[Opening Data section section]
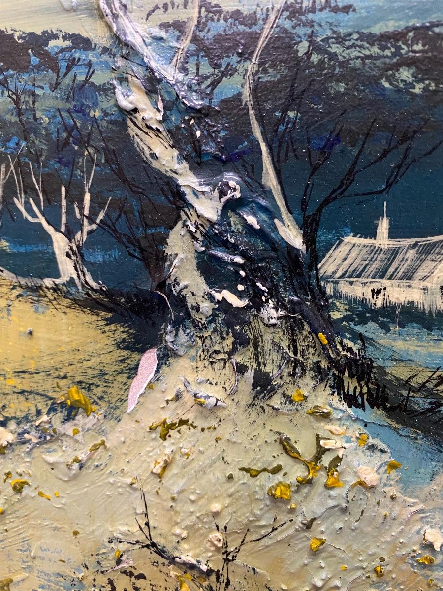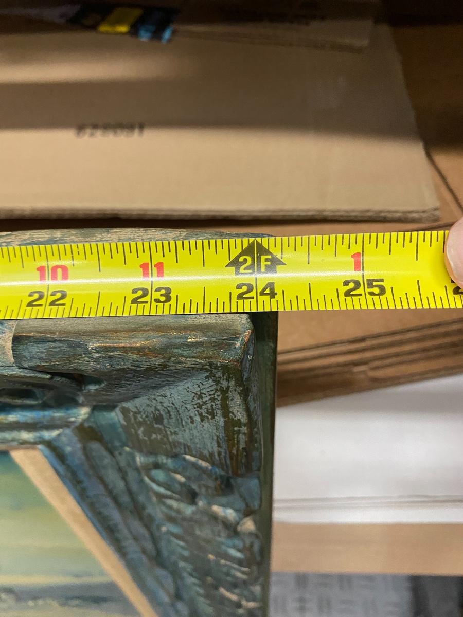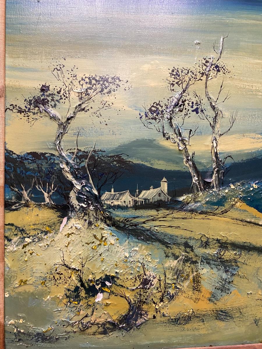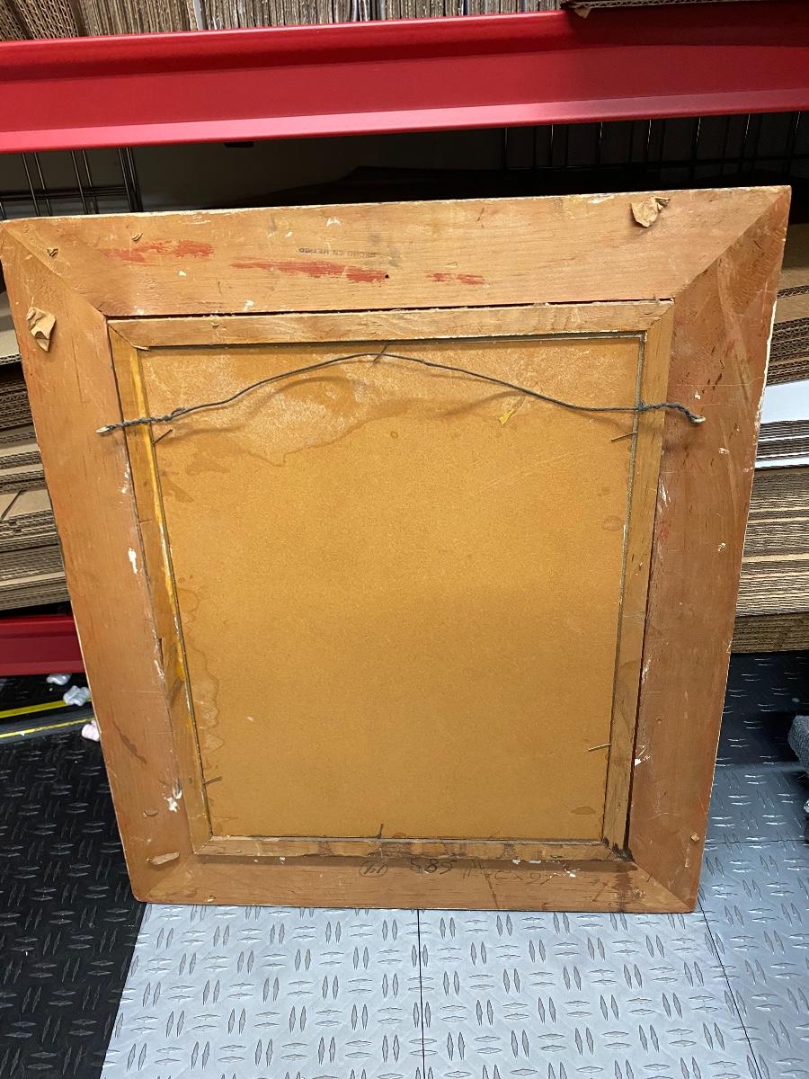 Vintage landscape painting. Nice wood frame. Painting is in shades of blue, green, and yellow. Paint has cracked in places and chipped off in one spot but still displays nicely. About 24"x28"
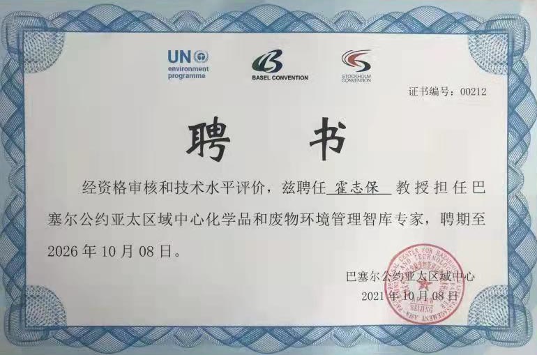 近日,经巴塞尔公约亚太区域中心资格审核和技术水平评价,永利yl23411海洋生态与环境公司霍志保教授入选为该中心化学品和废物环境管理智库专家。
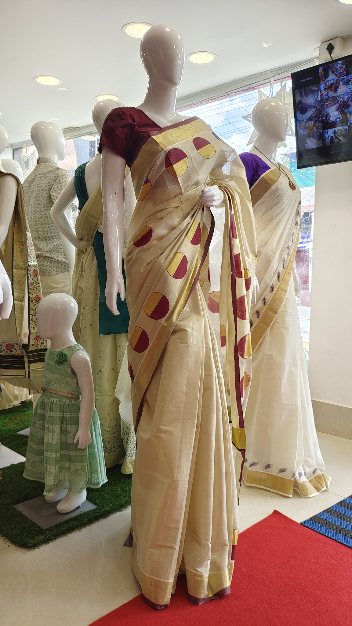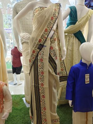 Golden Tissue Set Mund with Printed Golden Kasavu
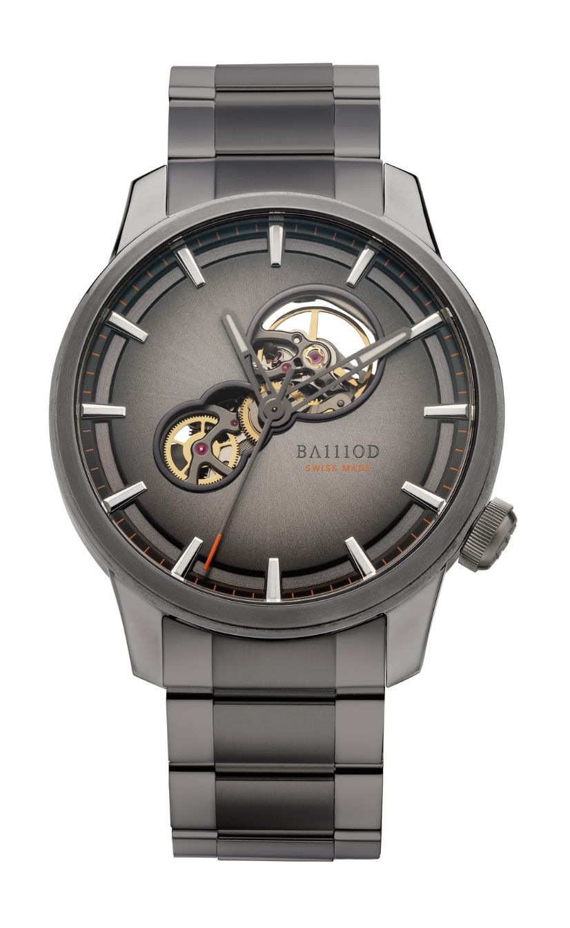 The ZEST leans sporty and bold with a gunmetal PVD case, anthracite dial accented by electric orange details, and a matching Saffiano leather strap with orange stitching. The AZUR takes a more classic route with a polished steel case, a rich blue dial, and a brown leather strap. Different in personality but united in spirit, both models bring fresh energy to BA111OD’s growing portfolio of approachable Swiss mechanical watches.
[Closing Data section section]
Aim of the task - Word for word, retype the lines from the one that contains "Golden Tissue Set" through the final line of the data, both ends included, excluding pictures.

Exercise output -
 Golden Tissue Set Mund with Printed Golden Kasavu
 The ZEST leans sporty and bold with a gunmetal PVD case, anthracite dial accented by electric orange details, and a matching Saffiano leather strap with orange stitching. The AZUR takes a more classic route with a polished steel case, a rich blue dial, and a brown leather strap. Different in personality but united in spirit, both models bring fresh energy to BA111OD’s growing portfolio of approachable Swiss mechanical watches.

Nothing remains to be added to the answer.